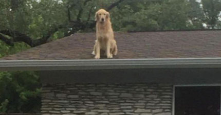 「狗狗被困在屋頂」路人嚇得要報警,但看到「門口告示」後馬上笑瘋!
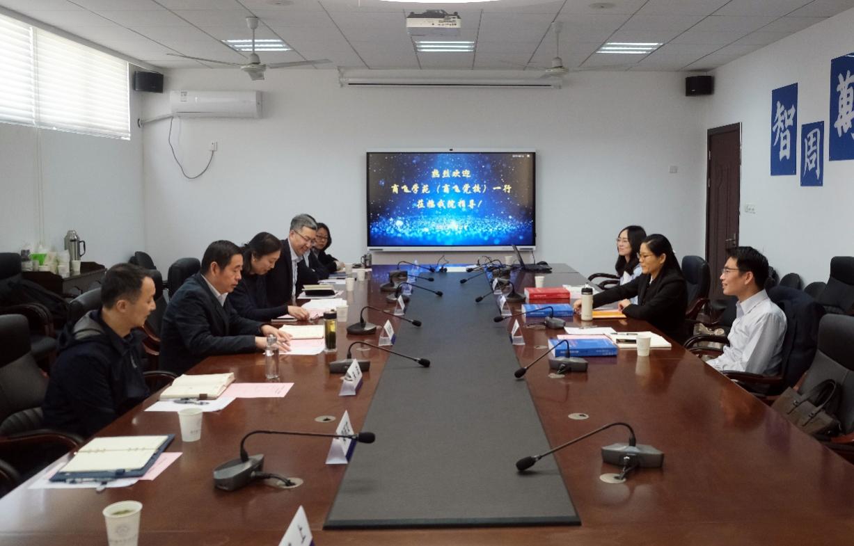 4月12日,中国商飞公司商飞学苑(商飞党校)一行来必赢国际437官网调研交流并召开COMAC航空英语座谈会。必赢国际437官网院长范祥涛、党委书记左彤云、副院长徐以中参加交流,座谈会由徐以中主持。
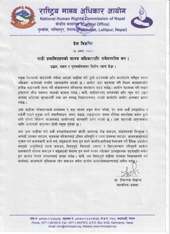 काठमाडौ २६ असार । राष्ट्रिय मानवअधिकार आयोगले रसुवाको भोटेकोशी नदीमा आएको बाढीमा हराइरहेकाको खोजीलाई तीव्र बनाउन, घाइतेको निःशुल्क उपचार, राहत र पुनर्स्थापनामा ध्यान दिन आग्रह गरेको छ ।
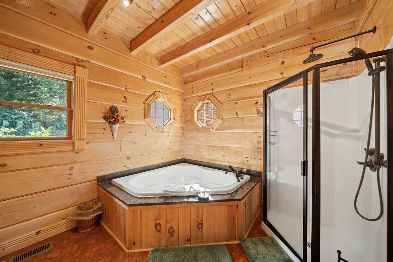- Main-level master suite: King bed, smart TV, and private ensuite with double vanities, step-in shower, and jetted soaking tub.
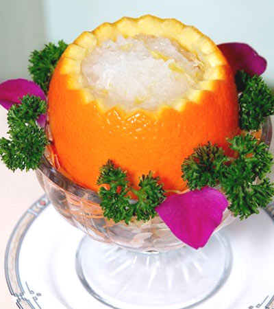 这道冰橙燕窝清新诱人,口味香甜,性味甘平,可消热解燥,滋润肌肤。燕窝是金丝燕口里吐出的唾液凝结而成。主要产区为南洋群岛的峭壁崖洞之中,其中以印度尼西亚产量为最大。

----------------

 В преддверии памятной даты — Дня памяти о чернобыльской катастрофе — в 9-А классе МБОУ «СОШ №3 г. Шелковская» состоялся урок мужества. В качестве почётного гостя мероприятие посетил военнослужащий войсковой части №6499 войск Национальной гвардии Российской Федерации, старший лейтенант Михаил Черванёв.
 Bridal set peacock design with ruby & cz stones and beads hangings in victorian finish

----------------

**Exercise:**
The result should be an exact copy of only the lines above from the one that holds "4月12日,中国商飞公司商飞" through the one that holds "काठमाडौ २६ असार", both ends included, without pictures.

**Solution below:**
 4月12日,中国商飞公司商飞学苑(商飞党校)一行来必赢国际437官网调研交流并召开COMAC航空英语座谈会。必赢国际437官网院长范祥涛、党委书记左彤云、副院长徐以中参加交流,座谈会由徐以中主持。
 काठमाडौ २६ असार । राष्ट्रिय मानवअधिकार आयोगले रसुवाको भोटेकोशी नदीमा आएको बाढीमा हराइरहेकाको खोजीलाई तीव्र बनाउन, घाइतेको निःशुल्क उपचार, राहत र पुनर्स्थापनामा ध्यान दिन आग्रह गरेको छ ।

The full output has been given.